◆ **Assigned task**: Repeat the data that follows in full. Do not include the pictures.
[Material provided]
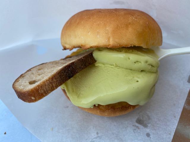 特製のバンズにバターを塗ってトーストし、ジェラートをセレクトして挟みます!
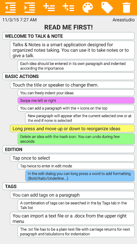Talk & nota é um que toma notas aplicação com apresentação hierárquica e vista mapa mental.
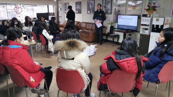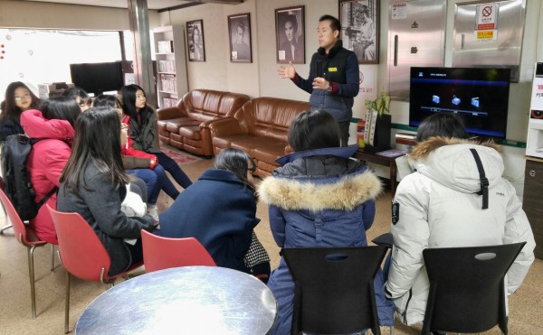 진로체험학습 페이지 정보 작성자 미림극장 작성일16-12-14 20:53 조회1,628회 댓글0건 목록 본문 신흥여자 중학교 1학년 학생들이 진로체험 학습으로 미림극장에서 고전영화도 감상하고 최현준 운영부장으로부터 고전영화에대한 설명을 듣고있다. 목록
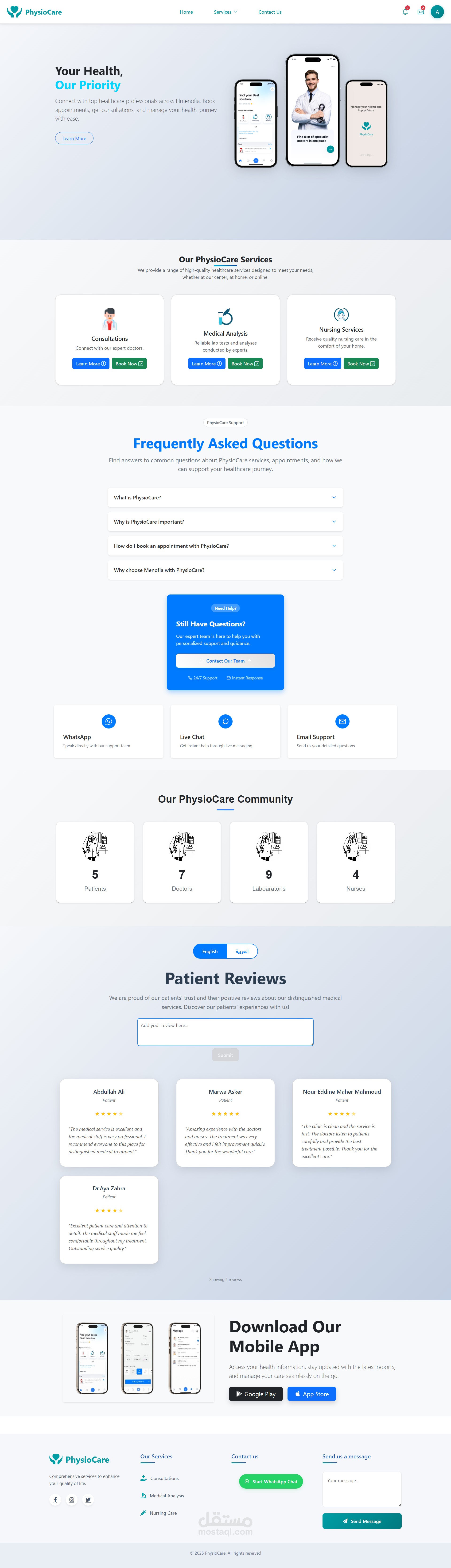 تم تصميم صفحة Patient لموقع PhysioCare لتكون واجهة سهلة الاستخدام ومتكاملة للمرضى من أجل إدارة رحلتهم الصحية عبر الإنترنت.
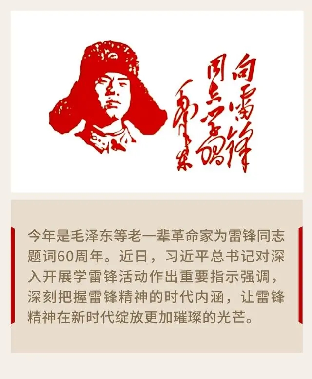 今年是毛澤東等老一輩革命家為雷鋒同志題詞60周年。黨的十八大以來,習近平總書記就學習弘揚雷鋒精神多次作出重要指示,他強調,無論時代如何變遷,雷鋒精神永不過時。
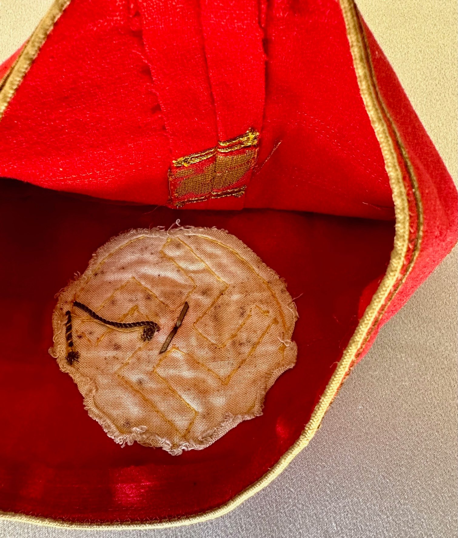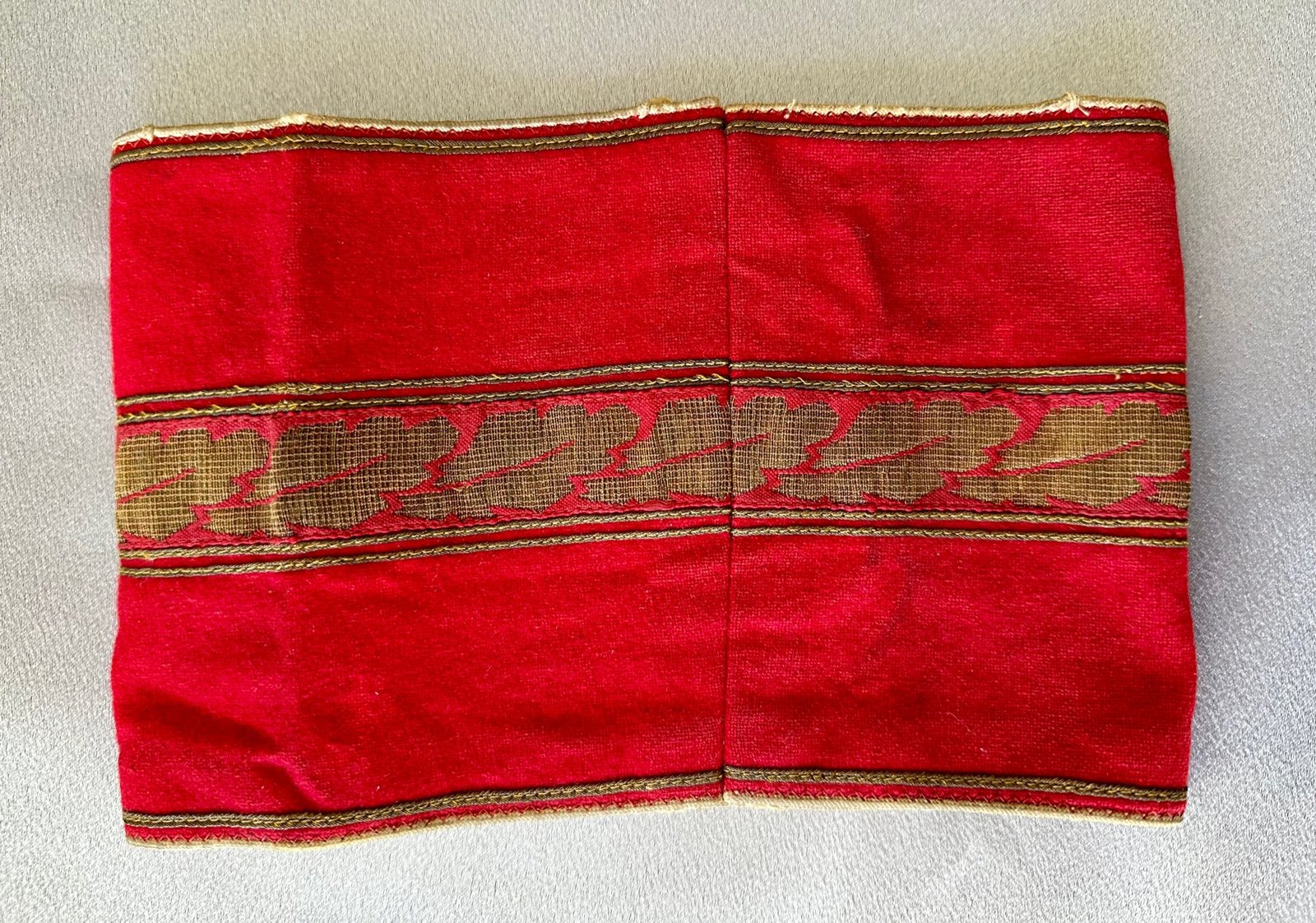 Armband for NSDAP Kreisleiter. Gold bullion oakleaves with black ribbon swastika and pip in the center. This one came off a tunic, sewn together, approx. 20" in length. Overall very nice condition.
[/Material provided]
◆ **Your solution**:
 特製のバンズにバターを塗ってトーストし、ジェラートをセレクトして挟みます!
Talk & nota é um que toma notas aplicação com apresentação hierárquica e vista mapa mental.
 진로체험학습 페이지 정보 작성자 미림극장 작성일16-12-14 20:53 조회1,628회 댓글0건 목록 본문 신흥여자 중학교 1학년 학생들이 진로체험 학습으로 미림극장에서 고전영화도 감상하고 최현준 운영부장으로부터 고전영화에대한 설명을 듣고있다. 목록
 تم تصميم صفحة Patient لموقع PhysioCare لتكون واجهة سهلة الاستخدام ومتكاملة للمرضى من أجل إدارة رحلتهم الصحية عبر الإنترنت.
 今年是毛澤東等老一輩革命家為雷鋒同志題詞60周年。黨的十八大以來,習近平總書記就學習弘揚雷鋒精神多次作出重要指示,他強調,無論時代如何變遷,雷鋒精神永不過時。
 Armband for NSDAP Kreisleiter. Gold bullion oakleaves with black ribbon swastika and pip in the center. This one came off a tunic, sewn together, approx. 20" in length. Overall very nice condition.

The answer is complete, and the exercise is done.